For the most accurate, albeit US-centric operating system and browser numbers, I prefer to use data from the federal government's Digital Analytics Program (DAP).

Unlike the others, DAP's numbers come from billions of visits over the past 90 days to over 400 US executive branch government domains. That's about 5,000 total websites, and includes every cabinet department. DAP gets its raw data from a Google Analytics account. DAP has open-sourced the code, which displays the data on the web and its data-collection code. Best of all, unlike the others, you can download its data in JavaScript Object Notation (JSON) format so you can analyze the raw numbers yourself.

In the US Analytics site, which summarizes DAP's data, you will find desktop Linux, as usual, hanging out in "other" at 1.5 percent.

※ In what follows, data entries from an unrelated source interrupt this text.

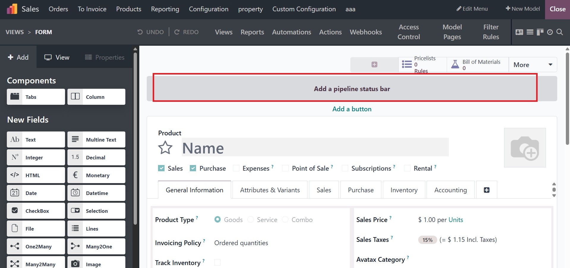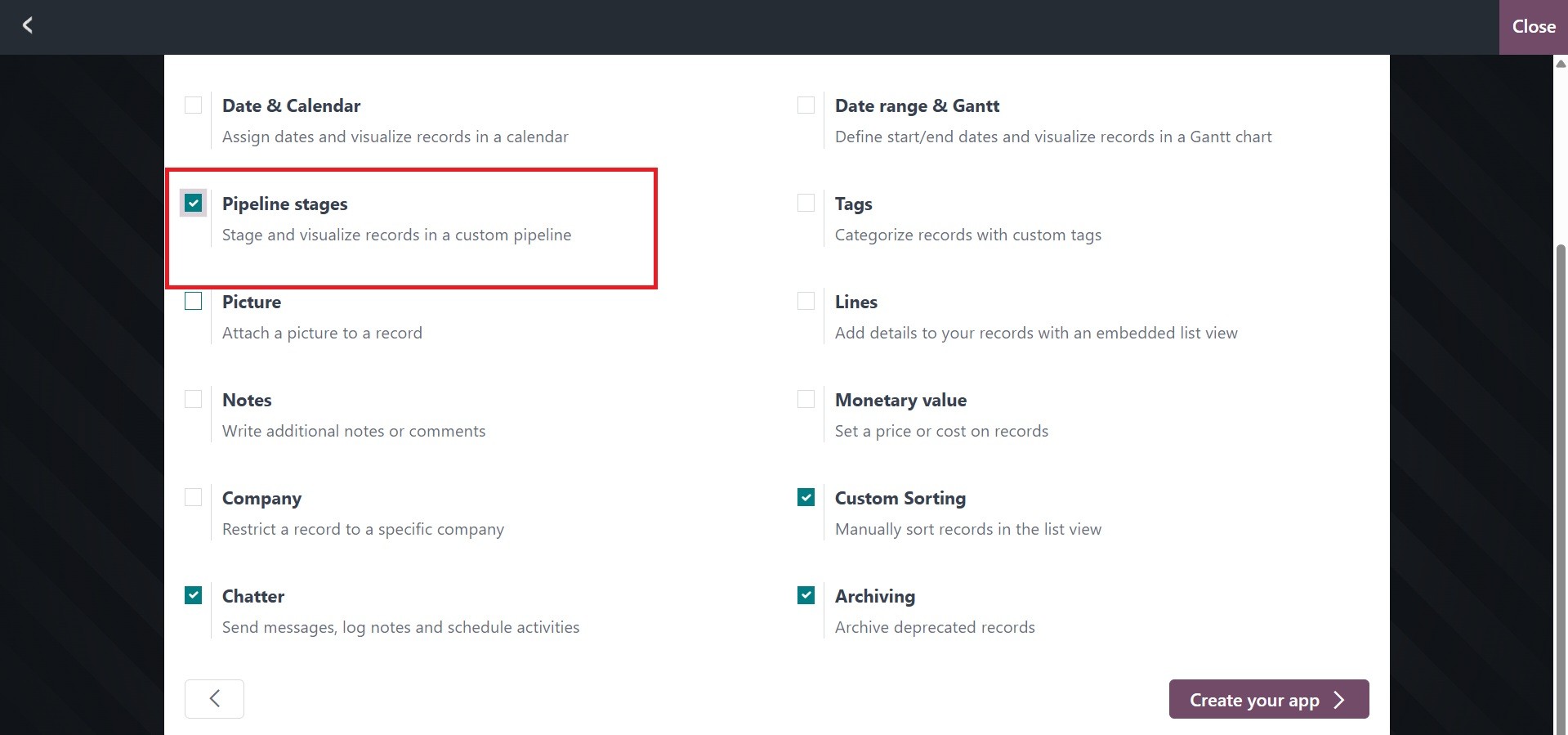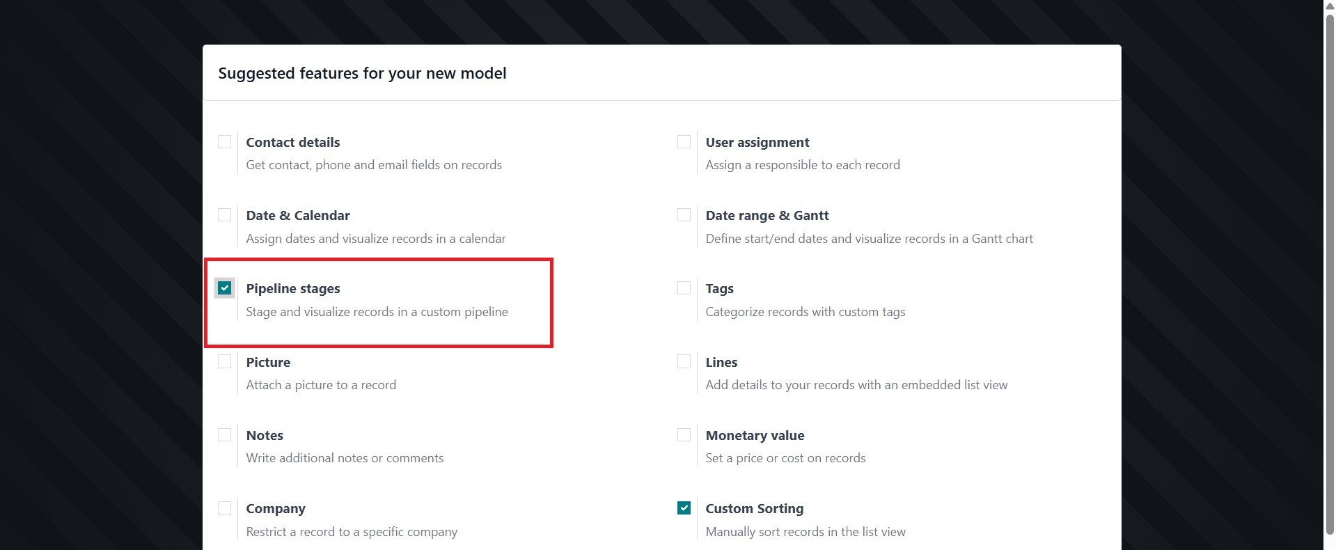 created using Odoo18 Studio has been described, the Pipeline Stages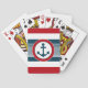 Design náutico com decoração em forma redonda com âncora sobre fundo listrado a azul, vermelho e branco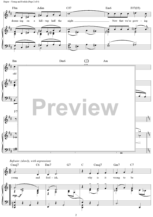 "Young and Foolish" Sheet Music by Albert Hague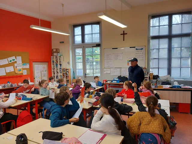 En lien avec le projet des arts à l'école, la classe de CM1/CM2 de l'école Saint Michel a reçu aujourd'hui Fathy, ancien danseur professionnel. Les enfants qui étudient en ce moment le conte et le ballet Casse noisette avaient préparé de nombreuses questions. Fathy a expliqué la formation pour devenir danseur, les exigences de la discipline et les joies du métier d'un danseur classique. Il a également insisté sur l'importance de pratiquer régulièrement un sport ou une activité artistique.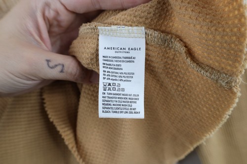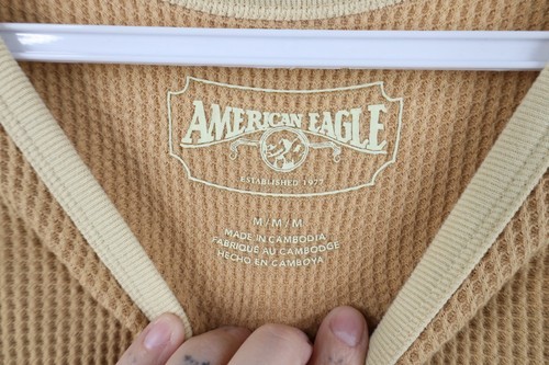 Vtg Y2K American Eagle Womens Medium Babydoll Nature Thermal Waffle Knit T-Shirt
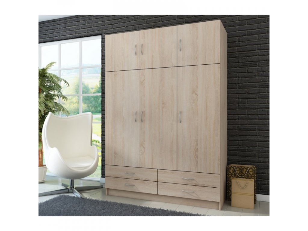 Praktická třídveřová skříň v oblíbeném dekoru dub sonoma. Nabízí kombinaci polic, šatní tyče a tří zásuvek pro přehledné uložení oblečení i doplňků. Šířka 135 cm, výška 194 cm, hloubka 54,6 cm – ideální velikost, která poskytuje dostatek místa, šetří prostor a hodí se i do menších místností. Vyrobena z kvalitního lamina, snadno se udržuje a dodává interiéru svěží, moderní vzhled.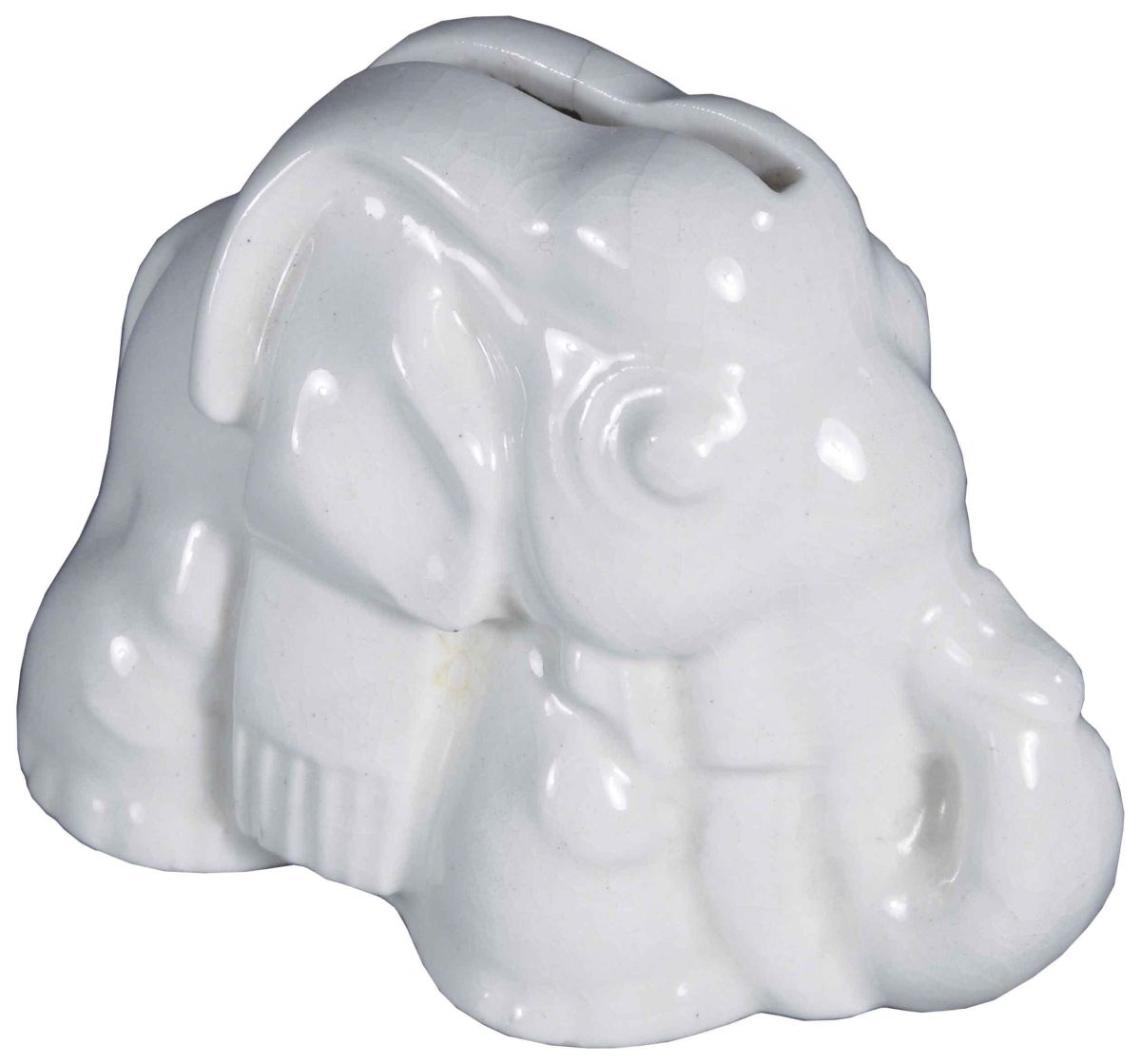 Porcelain Razor Blade Receiver in the shape of an elephant. Marked on bottom Listerine Shaving Cream Offer. Normal crazing. 3 1/4 X 2 1/2 X 2 inches. Start Price $30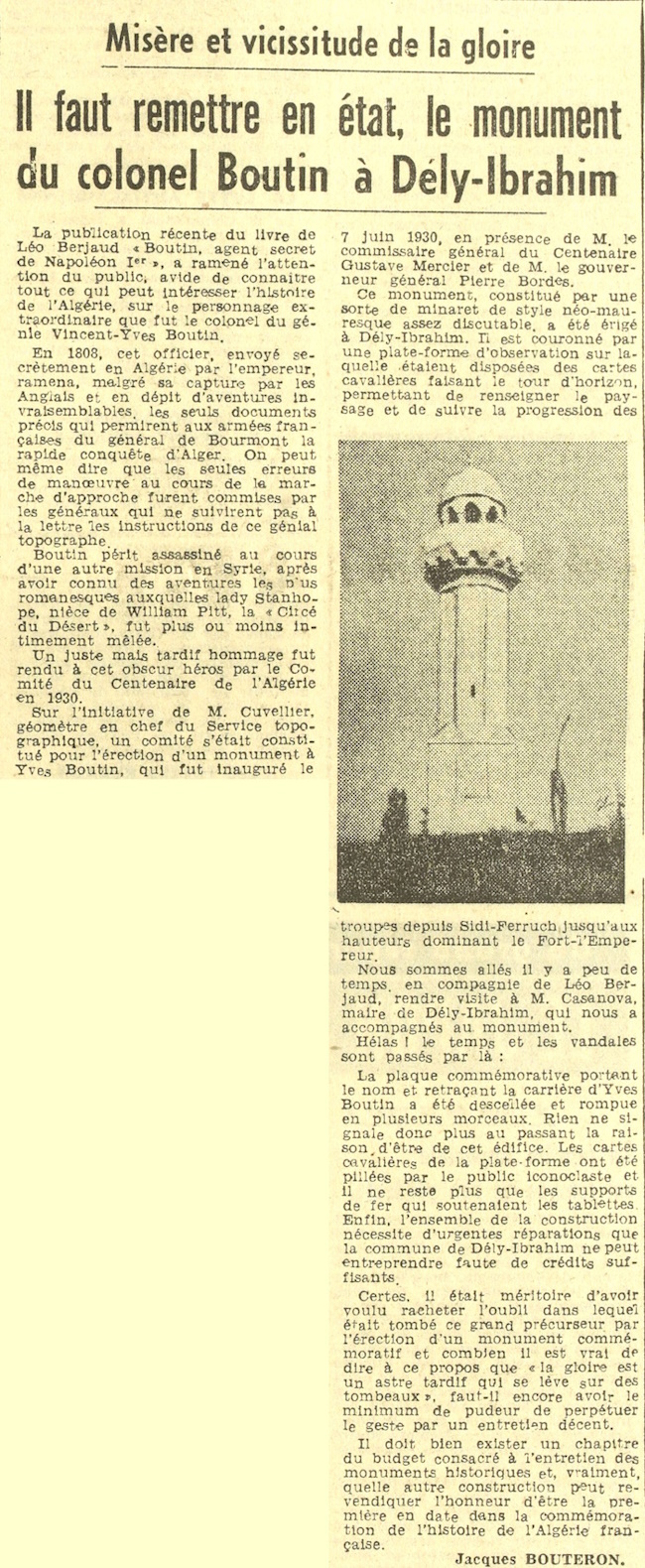 que fut le colonel du genie Vincent-Yves Boutin, Echo d'Alger du 9 février 1952 |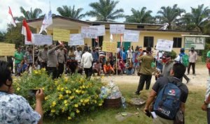 Padanglawas, POL | Sampaikan aspirasi yang isinya menuntut hak normatif, ratusan massa buruh tergabung di Pimpinan Unit Kerja Serikat Pekerja Aneka Industri Federasi Serikat Pekerja Metal Indonesia (PUK SPAI FSPMI) menggelar aksi unjukrasa di depan kantor Manajemen PT. Permata Hijau Sawit (PHS) kebun Papaso, Rabu (21/10/2020).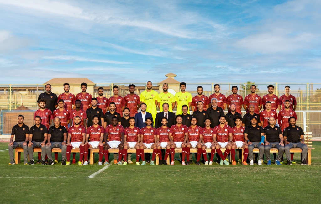 النائب محمد أبو العينين مع لاعبي فريق كرة القدم لنادي سيراميكا كليوباترا

Windows, as always, is on top with 45.9 percent, followed by Apple iOS, at 25.5 percent, Android at 18.6 percent, and macOS at 8.5 percent.

Sorry folks, I wish it were higher too. Indeed, I am sure it is. No one, not even DAP, seems to do a good job of pulling out the Linux-based Chrome OS data. Still, the Linux desktop remains the preserve for Linux experts, software developers, system administrators, and engineers. Linux fans must remain content with the top dog operating system in all other computing devices -- servers, clouds, supercomputers, etc.